= PROBLEM DESCRIPTION =
Repeat exactly, and only, the lines below starting at the line that contains "魚つかみと並行して、近辺の沢を登っています。夢中になって何度も登る子もいます。" and ending at the line that contains "16°CThe family and", inclusive of both.

= RECORD EXCERPTS =
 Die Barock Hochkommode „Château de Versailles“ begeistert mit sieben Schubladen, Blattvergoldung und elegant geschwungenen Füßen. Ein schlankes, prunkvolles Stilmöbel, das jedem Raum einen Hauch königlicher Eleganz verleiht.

---

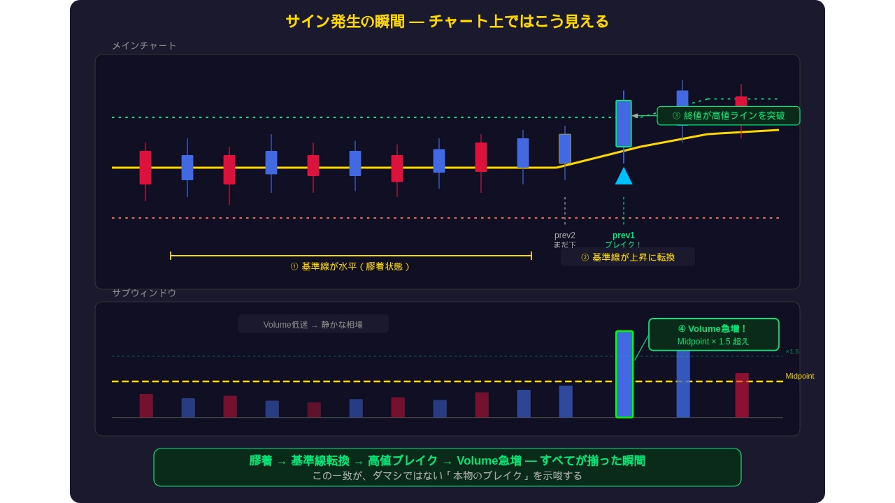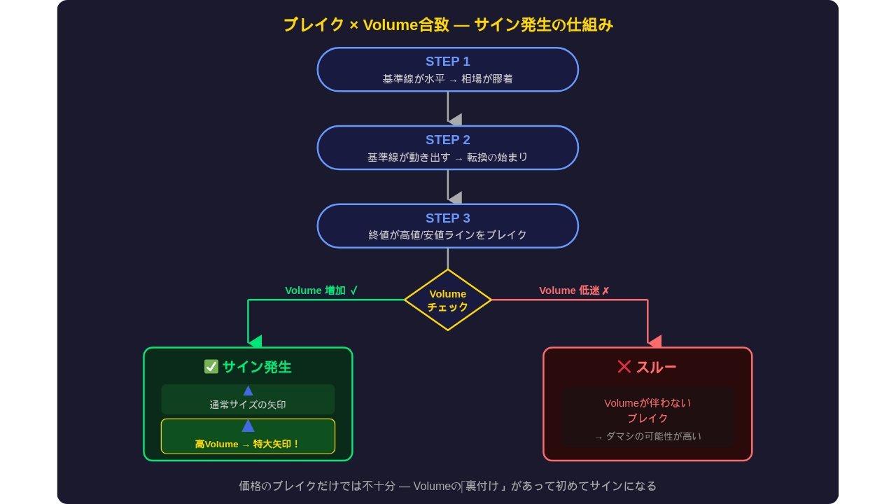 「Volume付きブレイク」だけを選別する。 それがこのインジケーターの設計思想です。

--

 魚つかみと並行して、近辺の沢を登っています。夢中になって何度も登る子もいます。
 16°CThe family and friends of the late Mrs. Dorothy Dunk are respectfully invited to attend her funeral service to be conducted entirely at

= RESPONSE TO THIS TASK =
 魚つかみと並行して、近辺の沢を登っています。夢中になって何度も登る子もいます。
 16°CThe family and friends of the late Mrs. Dorothy Dunk are respectfully invited to attend her funeral service to be conducted entirely at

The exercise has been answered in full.